By default, recovery will recover to the end of the WAL log. In order to perform PITR the following parameters can be used to specify an earlier stopping point. At most one of recovery_target, recovery_target_lsn, recovery_target_name, recovery_target_time, or recovery_target_xid can be used; if more than one of these is specified in the configuration file, the last entry will be used. Also you would need to add recovery_target_action = promote to recovery.conf.
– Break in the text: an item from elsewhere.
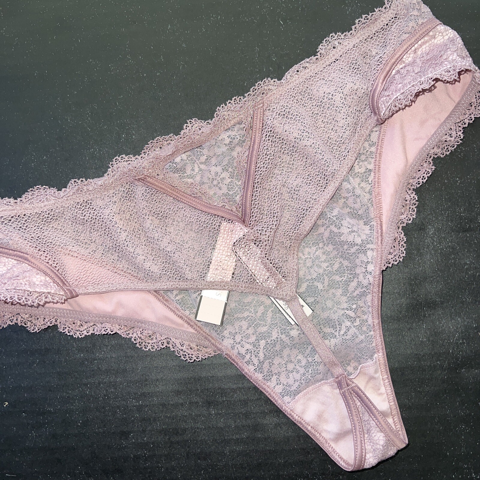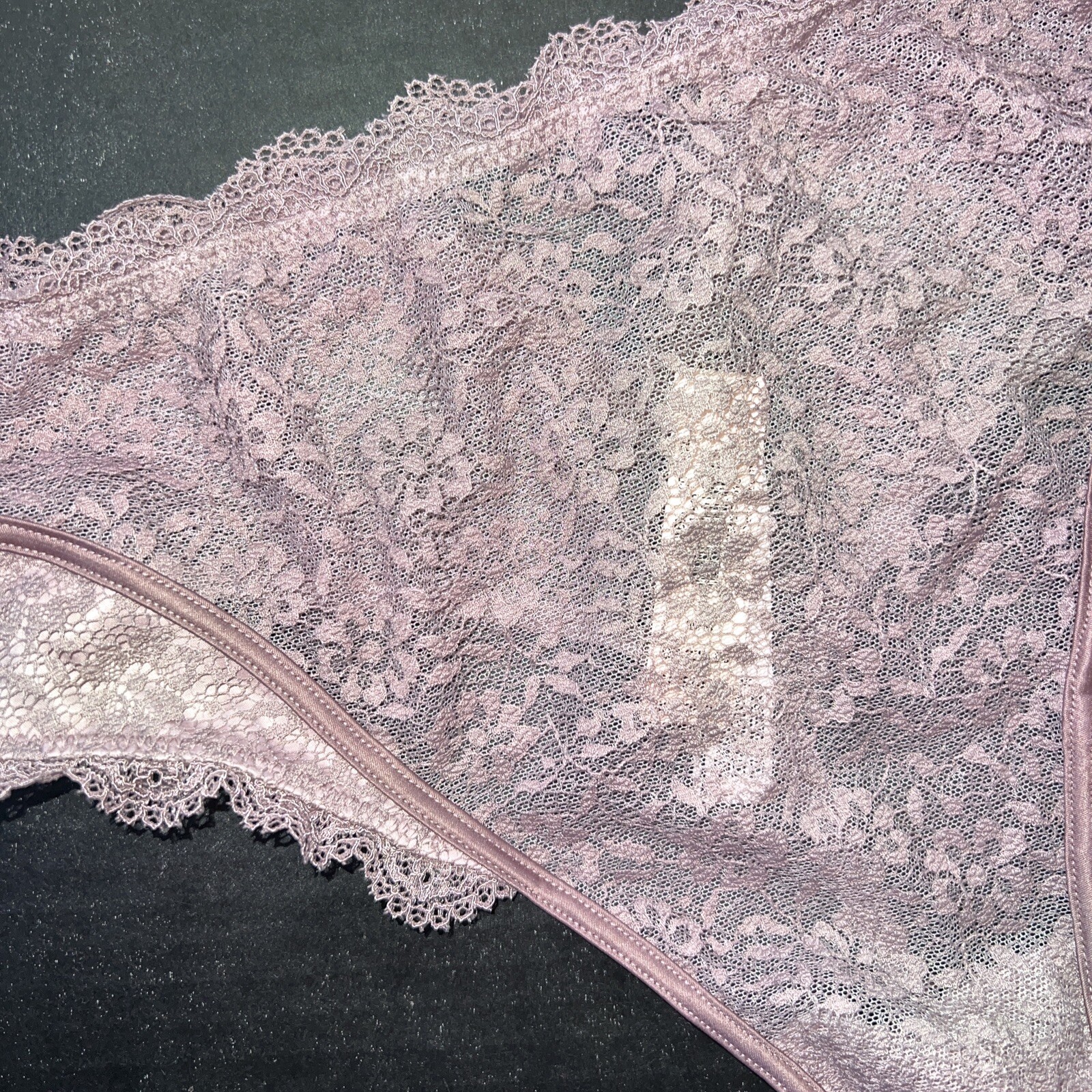 как выглядит Victorias Secret M High-waist thong MAUVE PINK TAUPE LACE SATIN DREAM ANGELS фото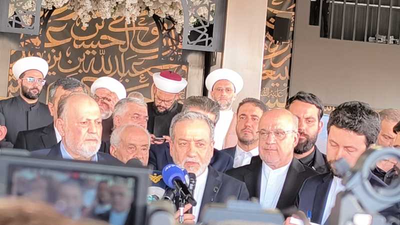 وقد كان للوزير عباس عراقتشي كلمة عند الضريح قال فيها: ان استشهاد السيد حسن نصر الله سيؤدي الى ازياد قوة المقاومة لان المقاومة حية وان الشهداء احياء وان دم الشهيد السيد حسن نصر الله هو حي وانني على ثقة تامة ان دماء الشهيد السيد حسن نصرالله ستكون اكثر تأثيرا، وان سماحة الامام الخميني مؤسس الجمهورية الاسلامية الايرانية قال في كلام منسوب ان الدم ينتصر على السيف وانني على ثقة تامة بأن النصر النهائي سيكون للشعب اللبناني وللمقاومة وان هزيمة الكيان الصهيوني هو امر قطعي وان دماء الشهيد السيد نصر الله سيكون ضامنا للانتصار وسنشهد الانتصار النهائي للشعب اللبناني وللمقاومة ضد الاحتلال الصهيوني من جانب الامام الخامنئي ومن جانب رئيس الجمهورية الاسلامية الايرانية السيد بزكشيان ومن جانب الحكومة الاسلامية الايرانية احييكم واتمنى لكم التوفيق والنجاح.

Alernatively, you can exeucute: SELECT pg_xlog_replay_resume();

For example, in order to recoer DB untill the state at, let’s say, Tue Jun  4 01:33:53 UTC 2018 you would need to add to recovery.conf:

recovery_target_time = '2018-06-04 01:33:53 UTC'
recovery_target_action = promote

Setting Up Hot Stand-up DB

In order to setup a hot stand-by DB. The recovery.conf should have following settings:

# rename this file to recovery.conf and change master DB server IP address:
standby_mode = 'on'
restore_command = 'test -f /archive/%f.bz2 && bzip2 -c -d /archive/%f.bz2 >%p'
primary_conninfo = 'host=MASTER_SERVER_IP port=5432 user=postgres'
trigger_file = '/var/lib/postgresql/data/pg_failover_trigger.00'

Where MASTER_SERVER_IP should be your master DB private or public IP address. Make sure the master DB server can be accessed from the stand-by server.